Data extracted from a collection:
Content starts
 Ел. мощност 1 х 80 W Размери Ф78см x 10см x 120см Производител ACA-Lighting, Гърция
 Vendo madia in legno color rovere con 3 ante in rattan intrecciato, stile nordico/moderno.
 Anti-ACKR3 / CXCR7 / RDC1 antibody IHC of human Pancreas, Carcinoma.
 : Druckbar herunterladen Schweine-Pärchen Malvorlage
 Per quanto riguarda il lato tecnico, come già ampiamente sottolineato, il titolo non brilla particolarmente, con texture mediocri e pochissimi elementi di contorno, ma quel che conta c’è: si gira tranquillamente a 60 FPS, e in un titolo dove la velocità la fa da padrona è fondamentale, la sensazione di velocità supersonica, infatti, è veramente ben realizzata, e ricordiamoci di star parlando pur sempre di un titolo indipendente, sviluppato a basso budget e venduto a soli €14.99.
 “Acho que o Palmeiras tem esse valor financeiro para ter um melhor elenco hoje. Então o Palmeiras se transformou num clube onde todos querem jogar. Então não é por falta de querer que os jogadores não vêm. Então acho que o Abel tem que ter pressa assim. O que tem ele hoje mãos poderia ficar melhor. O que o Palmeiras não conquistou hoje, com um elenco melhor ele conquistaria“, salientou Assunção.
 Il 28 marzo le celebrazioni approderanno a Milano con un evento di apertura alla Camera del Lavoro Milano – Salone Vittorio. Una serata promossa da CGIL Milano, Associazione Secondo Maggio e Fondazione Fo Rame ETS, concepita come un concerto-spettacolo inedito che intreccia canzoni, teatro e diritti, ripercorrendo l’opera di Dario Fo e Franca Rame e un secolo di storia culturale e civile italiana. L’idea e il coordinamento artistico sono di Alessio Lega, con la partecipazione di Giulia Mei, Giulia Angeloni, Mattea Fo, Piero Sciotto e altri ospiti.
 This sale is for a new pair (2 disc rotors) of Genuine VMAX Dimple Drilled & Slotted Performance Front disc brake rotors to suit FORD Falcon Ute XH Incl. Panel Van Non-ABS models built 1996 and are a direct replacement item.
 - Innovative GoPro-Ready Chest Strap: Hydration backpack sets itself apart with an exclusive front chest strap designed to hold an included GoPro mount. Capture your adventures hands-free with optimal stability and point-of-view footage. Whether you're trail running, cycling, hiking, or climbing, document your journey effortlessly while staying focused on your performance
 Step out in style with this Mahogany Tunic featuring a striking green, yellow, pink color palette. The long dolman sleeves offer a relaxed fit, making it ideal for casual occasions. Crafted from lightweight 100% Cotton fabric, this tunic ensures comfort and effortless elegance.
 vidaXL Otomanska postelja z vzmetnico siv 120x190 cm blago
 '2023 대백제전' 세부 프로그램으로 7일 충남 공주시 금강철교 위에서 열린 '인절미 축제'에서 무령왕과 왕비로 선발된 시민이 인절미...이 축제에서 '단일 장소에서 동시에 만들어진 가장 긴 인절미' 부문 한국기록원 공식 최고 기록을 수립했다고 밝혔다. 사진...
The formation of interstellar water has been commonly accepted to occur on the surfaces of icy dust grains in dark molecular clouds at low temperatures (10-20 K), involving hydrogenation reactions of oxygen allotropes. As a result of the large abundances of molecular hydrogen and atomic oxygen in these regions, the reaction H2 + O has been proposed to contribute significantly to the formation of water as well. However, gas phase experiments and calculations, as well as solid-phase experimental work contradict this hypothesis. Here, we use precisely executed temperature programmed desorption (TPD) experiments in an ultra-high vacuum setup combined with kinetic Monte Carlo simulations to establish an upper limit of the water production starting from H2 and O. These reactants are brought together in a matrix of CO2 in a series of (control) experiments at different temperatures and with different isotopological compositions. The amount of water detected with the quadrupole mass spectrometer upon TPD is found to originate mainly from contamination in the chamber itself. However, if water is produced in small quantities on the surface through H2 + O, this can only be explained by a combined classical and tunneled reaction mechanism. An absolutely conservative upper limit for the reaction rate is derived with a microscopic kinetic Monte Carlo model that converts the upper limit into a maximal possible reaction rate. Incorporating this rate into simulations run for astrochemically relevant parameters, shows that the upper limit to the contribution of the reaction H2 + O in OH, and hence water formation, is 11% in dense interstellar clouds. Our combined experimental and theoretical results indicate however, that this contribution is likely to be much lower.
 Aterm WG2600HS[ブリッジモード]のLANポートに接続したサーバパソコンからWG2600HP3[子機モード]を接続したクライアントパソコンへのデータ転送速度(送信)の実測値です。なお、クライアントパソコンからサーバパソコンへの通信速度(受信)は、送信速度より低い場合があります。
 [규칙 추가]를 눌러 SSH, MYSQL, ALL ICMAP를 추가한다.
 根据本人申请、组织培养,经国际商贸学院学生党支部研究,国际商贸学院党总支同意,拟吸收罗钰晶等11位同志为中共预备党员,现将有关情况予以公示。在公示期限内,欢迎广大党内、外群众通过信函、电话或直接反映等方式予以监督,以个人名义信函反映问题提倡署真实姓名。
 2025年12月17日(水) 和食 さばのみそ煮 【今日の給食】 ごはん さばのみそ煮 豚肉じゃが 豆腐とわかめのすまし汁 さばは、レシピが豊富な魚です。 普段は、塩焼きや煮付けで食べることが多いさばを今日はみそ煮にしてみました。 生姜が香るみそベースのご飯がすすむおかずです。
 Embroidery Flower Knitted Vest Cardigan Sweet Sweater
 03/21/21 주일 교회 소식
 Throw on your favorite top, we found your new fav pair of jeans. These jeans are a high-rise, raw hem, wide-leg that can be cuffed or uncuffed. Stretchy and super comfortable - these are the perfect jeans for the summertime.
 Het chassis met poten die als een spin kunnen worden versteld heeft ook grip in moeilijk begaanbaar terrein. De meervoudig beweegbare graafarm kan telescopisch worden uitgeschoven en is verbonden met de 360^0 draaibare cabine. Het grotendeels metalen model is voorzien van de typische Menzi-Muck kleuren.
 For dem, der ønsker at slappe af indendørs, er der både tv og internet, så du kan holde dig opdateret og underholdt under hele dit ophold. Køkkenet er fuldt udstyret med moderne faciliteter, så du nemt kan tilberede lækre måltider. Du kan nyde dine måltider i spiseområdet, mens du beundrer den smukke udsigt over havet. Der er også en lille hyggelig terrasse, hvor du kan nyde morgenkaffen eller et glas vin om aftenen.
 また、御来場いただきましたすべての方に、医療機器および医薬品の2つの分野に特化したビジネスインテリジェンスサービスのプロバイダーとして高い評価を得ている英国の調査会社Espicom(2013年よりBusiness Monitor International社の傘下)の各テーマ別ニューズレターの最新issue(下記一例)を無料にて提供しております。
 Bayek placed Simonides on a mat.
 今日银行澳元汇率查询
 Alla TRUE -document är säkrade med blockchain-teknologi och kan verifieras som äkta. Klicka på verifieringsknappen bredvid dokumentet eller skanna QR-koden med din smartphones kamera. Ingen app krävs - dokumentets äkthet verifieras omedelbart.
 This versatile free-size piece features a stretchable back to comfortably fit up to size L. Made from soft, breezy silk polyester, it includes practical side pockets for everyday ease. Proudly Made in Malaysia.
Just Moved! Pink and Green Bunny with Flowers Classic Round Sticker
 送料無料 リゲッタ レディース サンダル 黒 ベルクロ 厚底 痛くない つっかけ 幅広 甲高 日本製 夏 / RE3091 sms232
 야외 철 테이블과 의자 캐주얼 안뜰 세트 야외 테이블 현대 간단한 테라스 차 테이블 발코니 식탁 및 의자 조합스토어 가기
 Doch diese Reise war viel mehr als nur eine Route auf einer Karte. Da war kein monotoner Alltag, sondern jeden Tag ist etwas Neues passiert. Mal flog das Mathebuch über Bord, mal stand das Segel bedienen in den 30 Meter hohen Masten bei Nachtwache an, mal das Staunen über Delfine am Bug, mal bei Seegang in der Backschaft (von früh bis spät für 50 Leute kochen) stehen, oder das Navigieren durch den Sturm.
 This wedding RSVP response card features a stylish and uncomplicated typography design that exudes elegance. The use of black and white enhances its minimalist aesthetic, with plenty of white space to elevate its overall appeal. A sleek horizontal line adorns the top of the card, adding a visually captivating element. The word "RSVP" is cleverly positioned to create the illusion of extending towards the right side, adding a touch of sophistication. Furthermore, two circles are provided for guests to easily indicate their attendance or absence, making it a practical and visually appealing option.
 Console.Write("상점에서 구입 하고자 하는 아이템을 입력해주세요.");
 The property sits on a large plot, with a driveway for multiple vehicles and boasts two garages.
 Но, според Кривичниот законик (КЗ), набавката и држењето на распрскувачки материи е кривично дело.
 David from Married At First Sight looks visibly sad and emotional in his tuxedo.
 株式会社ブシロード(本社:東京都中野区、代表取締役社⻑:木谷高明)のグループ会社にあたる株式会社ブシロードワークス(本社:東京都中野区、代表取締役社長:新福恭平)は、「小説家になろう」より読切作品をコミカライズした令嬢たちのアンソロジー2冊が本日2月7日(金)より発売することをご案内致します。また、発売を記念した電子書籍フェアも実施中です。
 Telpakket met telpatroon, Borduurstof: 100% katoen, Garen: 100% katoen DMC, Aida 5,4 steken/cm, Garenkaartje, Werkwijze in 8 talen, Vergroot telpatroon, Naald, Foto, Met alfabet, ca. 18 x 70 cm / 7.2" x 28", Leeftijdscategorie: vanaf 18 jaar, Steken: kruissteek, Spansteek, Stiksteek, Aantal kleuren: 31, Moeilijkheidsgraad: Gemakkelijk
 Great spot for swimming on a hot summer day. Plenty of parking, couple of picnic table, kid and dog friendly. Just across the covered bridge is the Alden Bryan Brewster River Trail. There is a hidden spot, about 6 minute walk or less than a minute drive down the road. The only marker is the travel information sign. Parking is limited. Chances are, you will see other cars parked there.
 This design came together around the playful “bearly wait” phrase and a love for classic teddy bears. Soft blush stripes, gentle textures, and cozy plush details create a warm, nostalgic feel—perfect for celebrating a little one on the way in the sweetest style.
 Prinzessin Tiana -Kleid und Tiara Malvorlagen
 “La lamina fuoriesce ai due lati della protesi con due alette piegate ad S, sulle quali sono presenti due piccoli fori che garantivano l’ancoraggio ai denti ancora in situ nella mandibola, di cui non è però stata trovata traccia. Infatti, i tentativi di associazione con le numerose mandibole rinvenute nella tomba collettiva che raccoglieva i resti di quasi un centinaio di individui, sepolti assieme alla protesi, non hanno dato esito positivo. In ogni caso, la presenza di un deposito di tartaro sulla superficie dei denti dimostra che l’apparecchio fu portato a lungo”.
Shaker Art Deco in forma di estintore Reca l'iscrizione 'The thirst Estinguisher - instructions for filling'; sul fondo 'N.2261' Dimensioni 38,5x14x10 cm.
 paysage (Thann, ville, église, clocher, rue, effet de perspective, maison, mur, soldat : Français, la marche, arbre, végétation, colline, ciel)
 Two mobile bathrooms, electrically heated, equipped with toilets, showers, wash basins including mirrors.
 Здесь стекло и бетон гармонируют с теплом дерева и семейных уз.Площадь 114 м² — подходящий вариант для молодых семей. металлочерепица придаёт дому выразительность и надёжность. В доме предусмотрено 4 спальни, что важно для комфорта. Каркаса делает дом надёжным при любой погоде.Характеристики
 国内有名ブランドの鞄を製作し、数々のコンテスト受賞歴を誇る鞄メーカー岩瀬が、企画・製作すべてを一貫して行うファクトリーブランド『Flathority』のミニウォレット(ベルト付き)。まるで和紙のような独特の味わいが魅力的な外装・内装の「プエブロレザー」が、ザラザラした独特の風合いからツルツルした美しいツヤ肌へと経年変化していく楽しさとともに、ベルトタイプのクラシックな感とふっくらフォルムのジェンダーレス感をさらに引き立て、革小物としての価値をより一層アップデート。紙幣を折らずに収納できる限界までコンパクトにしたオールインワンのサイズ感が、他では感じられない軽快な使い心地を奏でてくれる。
Content ends
Your answer should be the lines above from the one containing "株式会社ブシロード(本社:東" through the one containing "Telpakket met telpatroon, Borduurstof: 100%", copied exactly and with both ends kept.

 株式会社ブシロード(本社:東京都中野区、代表取締役社⻑:木谷高明)のグループ会社にあたる株式会社ブシロードワークス(本社:東京都中野区、代表取締役社長:新福恭平)は、「小説家になろう」より読切作品をコミカライズした令嬢たちのアンソロジー2冊が本日2月7日(金)より発売することをご案内致します。また、発売を記念した電子書籍フェアも実施中です。
 Telpakket met telpatroon, Borduurstof: 100% katoen, Garen: 100% katoen DMC, Aida 5,4 steken/cm, Garenkaartje, Werkwijze in 8 talen, Vergroot telpatroon, Naald, Foto, Met alfabet, ca. 18 x 70 cm / 7.2" x 28", Leeftijdscategorie: vanaf 18 jaar, Steken: kruissteek, Spansteek, Stiksteek, Aantal kleuren: 31, Moeilijkheidsgraad: Gemakkelijk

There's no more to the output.